Scott Siefers, Analyst
Thanks, everybody. Good morning.
Andy Cecere, CEO
Good morning, Scott.
John Stern, CFO
Good morning.
Scott Siefers, Analyst
Hey. John, I was hoping you could maybe provide a little more context around the NII thoughts for the full year. It sounds like if I did the math correctly, we're expecting somewhere between $16.5 billion and $16.6 billion for the full year. Maybe just some thoughts on how the margin and NII should trajectory. I would presume maybe a little more downward pressure on NII given day count in the first quarter, but does it trough there and then sort of grow throughout the year, or would there be other factors that would cause NII maybe to bleed through, say, middle of the year and then start to inflect back up or maybe just any thoughts there?
John Stern, CFO
Sure. Good morning, Scott. Thank you. To reiterate what was mentioned, in the first quarter, we expect net interest income to be between $4.0 billion and $4.1 billion. For the full year in 2024, we anticipate it will align closely with the annualized fourth quarter figure of $4.14 billion, with a slight increase. We're using the fourth quarter actuals as a starting point since our balance sheet has completed all capital actions that occurred during the 2023 calendar year. We believe that the transition from demand deposits and low-cost deposits to higher-cost deposits will ease over time. By the end of this quarter, we will be nine months past the last Fed hike. We're also seeing improvements in loan spreads across various categories, particularly in commercial lending. Our loan and investment portfolio is experiencing asset churn, and our loan pipelines have strengthened this quarter, performing better than the previous couple of quarters. We expect that loan demand will improve as the Fed may enter a cutting mode over time. Conversely, deposit pricing will remain competitive, especially with quantitative tightening occurring in the background.
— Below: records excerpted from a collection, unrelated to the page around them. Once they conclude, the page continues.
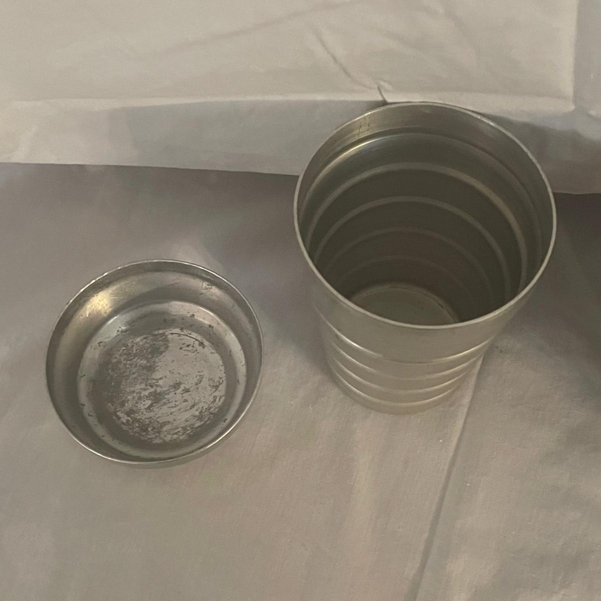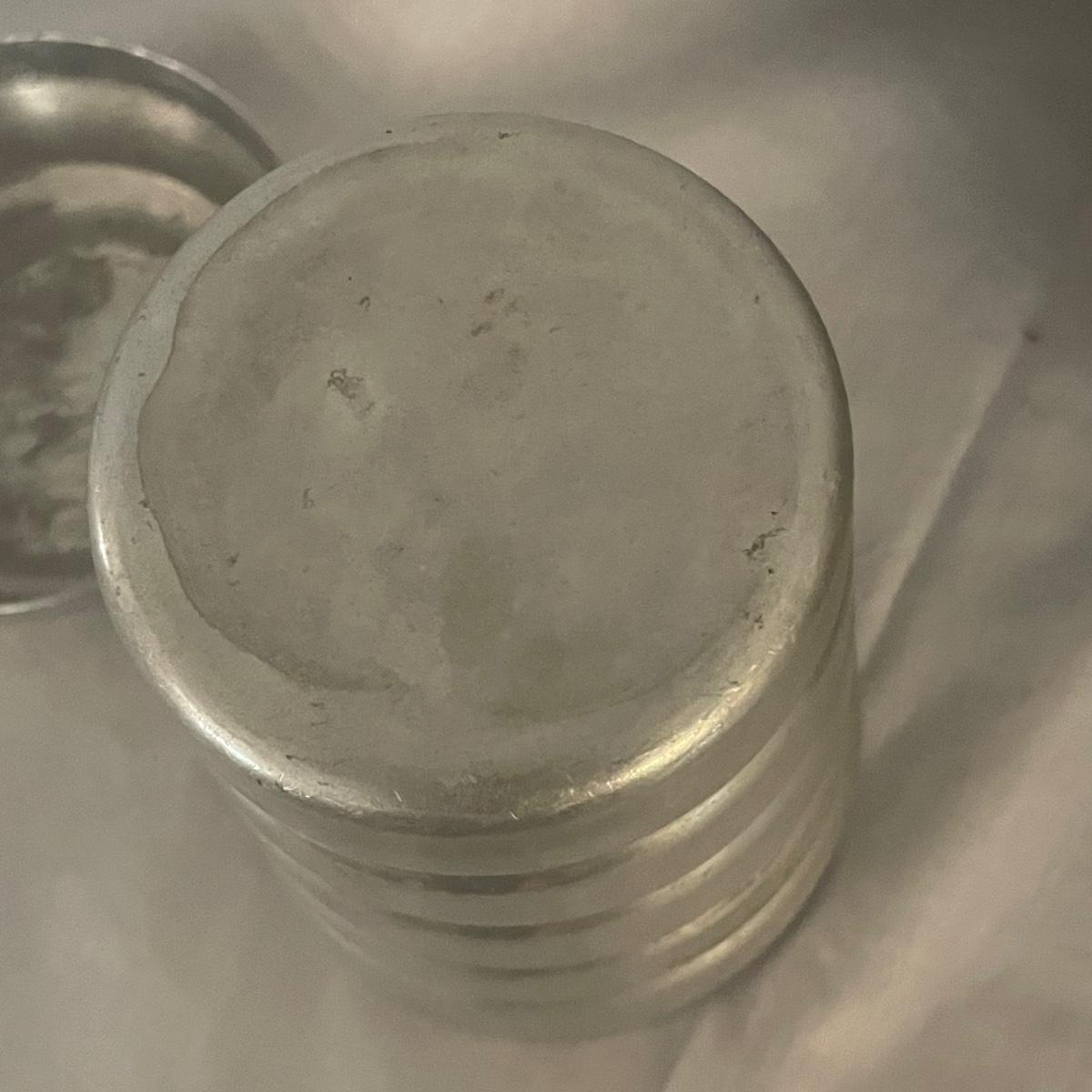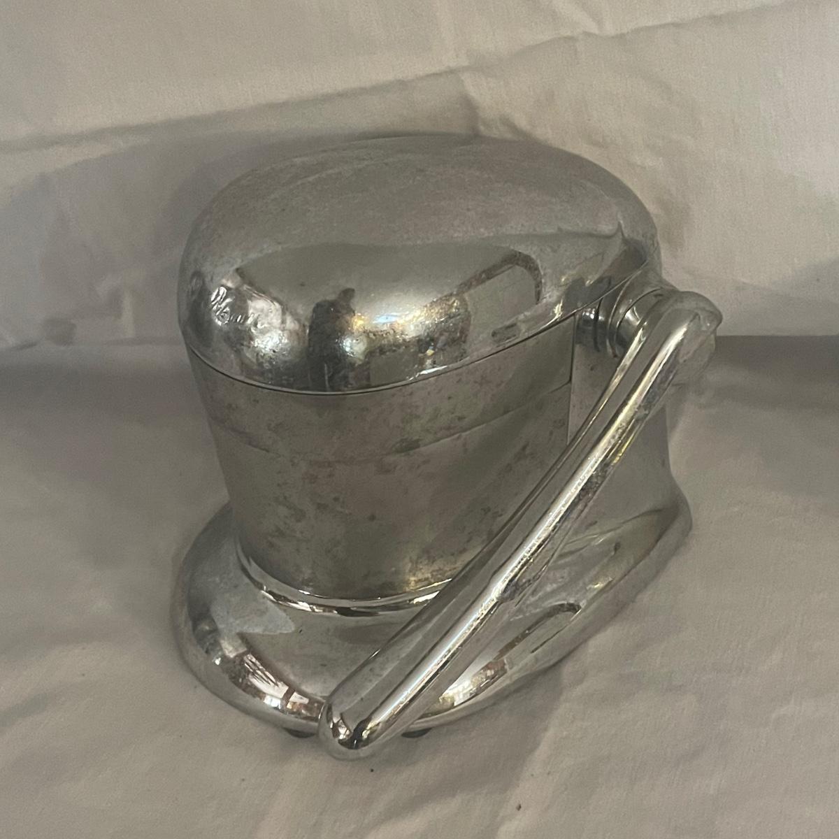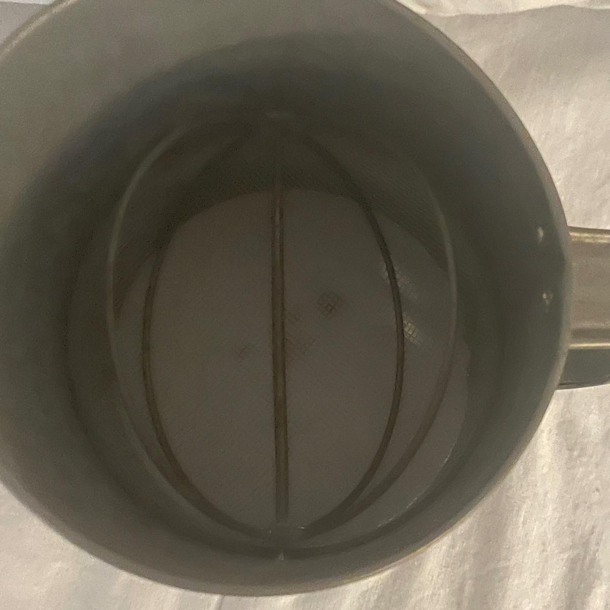 These four vintage items include a Dazey ice crusher, Juice O Mat, flour sieve, and a metal canister.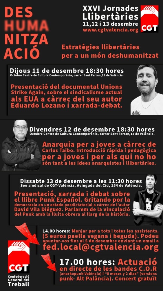 Dissabte 13 de desembre Seu sindical de CGT-València. Avinguda del Cid, 154 de València.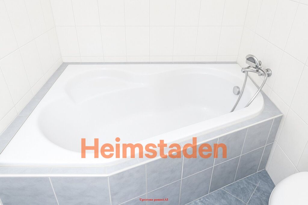 V bytě je nová kuchyňská linka s vestavnými spotřebiči a koupelna s rohovou vanou.

While our first quarter net interest income projection may be slightly lower than the fourth quarter, these broader factors should support net interest income growth, particularly in the second half of the year.
Scott Siefers, Analyst
Okay. Perfect. Thank you. And then maybe just a quick question on capital. Glad to hear that some of those balance sheet optimization efforts are beginning to sunset. Maybe one, do you have what you all estimate the sort of fully loaded common equity tier 1 ratio to be now and maybe the balance between just building and potentially returning capital going forward?
John Stern, CFO
Yeah. So I mean, right now, as you know, we're at 9.9% on CET1. With the improvement in rates, the impact of the AOCI on the investment portfolio securities is about 2.2 percentage points, and so, you're at 7.7%. As we think about that on a fully-loaded basis. So, if you think about it on a go-forward basis, we're going to create capital in the area of 20 to 25 basis points per quarter. We will have burned down on the securities book of about 30% or so relative to where it is by the end of 2025, just to give you some context. So, all that kind of adds up to building our capital to where we think it needs to be for the appropriate time given regulation and the timing of that.
Scott Siefers, Analyst
Okay. Perfect. All right. Thank you very much.
John Stern, CFO
You bet.
Operator, Operator
Your next question comes from the line of Ebrahim Poonawala of Bank of America. Your line is open.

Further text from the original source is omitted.